One of the most important and incredible eras the horror genre had to offer was during Universal’s cycle of iconic monster movies. The franchise has been popular enough that Universal has continually tried to reboot it over the last few years to a variety of disappointing results – culminating with The Mummy which seemed to have put the final nail in the coffin for Universal’s proposed “Dark Universe”. Now, just ahead of the release of The Invisible Man (which isn’t connected to the Dark Universe), Universal Chairwoman Donna Langley has gone on record to explain how the Dark Universe was a “failed” experiment.
Here’s what Langley had to say specifically during a Close Up with the Hollywood Reporter roundtable discussion:
“We had an attempt at interlocking our monsters and it was a failed attempt. What we realized is that these characters are indelible for a reason, but there’s no urgency behind them and certainly the world was not asking for a shared universe of classic monsters. But we have gone back and created an approach that’s filmmaker-first, any budget range.”
It’s no doubt pretty clear that the Dark Universe did not at all go as planned and, as Langley stated, “failed”. While The Mummy was intended to be the beginning of a vast blockbuster franchise of reimagined movie monsters from the Universal catalogue, it ended up being something of a poor reminder that some formulas just aren’t meant to be changed.
Of course, that doesn’t mean the Universal monsters are gone for good. As stated above, The Invisible Man is on the way, just not with any connections to other monster movies. While it remains to be seen whether or not that movie actually does live up to what audiences want from the Universal monsters, it still seems there are other projects in development as well. We have The Invisible Woman, Paul Feig’s own “Dark Army”, and several other types of monster movies.

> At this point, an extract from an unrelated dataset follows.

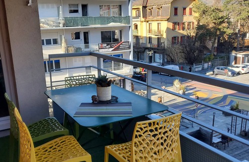 A few steps from the thermal park, equidistant from the various ski resorts, near the train station, with a view of the Aravis range, the accommodation on offer has been thought out so that you can stay there with complete peace of mind. Located on the 3rd floor with elevator, completely redone, it consists of 2 large bedrooms, a bathroom with walk-in shower, separate wc, a large living room with an office area, a large kitchen fully equipped and a terrace where you can eat. A blue parking zone surrounds the building and the sncf car park, a few meters away, is free. Bed and bathroom linen are extra: 60 euros for all occupants, for the entire stay. Price outside school holidays: 364 euros per week. Attention curists' rates outside school holidays: 285 euros per week. Full season rate (Christmas, New Year's Day, school holidays): 584 euros per week. Attention full season spa guests: 350 euros per week. A deposit check of 400 euros will be kindly requested.

Personally, I don’t think there’s anything wrong with building a shared universe with Universal’s monsters. I just think they need to be taken from a more grounded perspective instead of shoehorning in as much spectacle and superhero-inspired sequences as the studios possibly can. Hopefully they’ll find a balance with this next batch of monster movie attempts, otherwise Universal will likely have to go back to square one.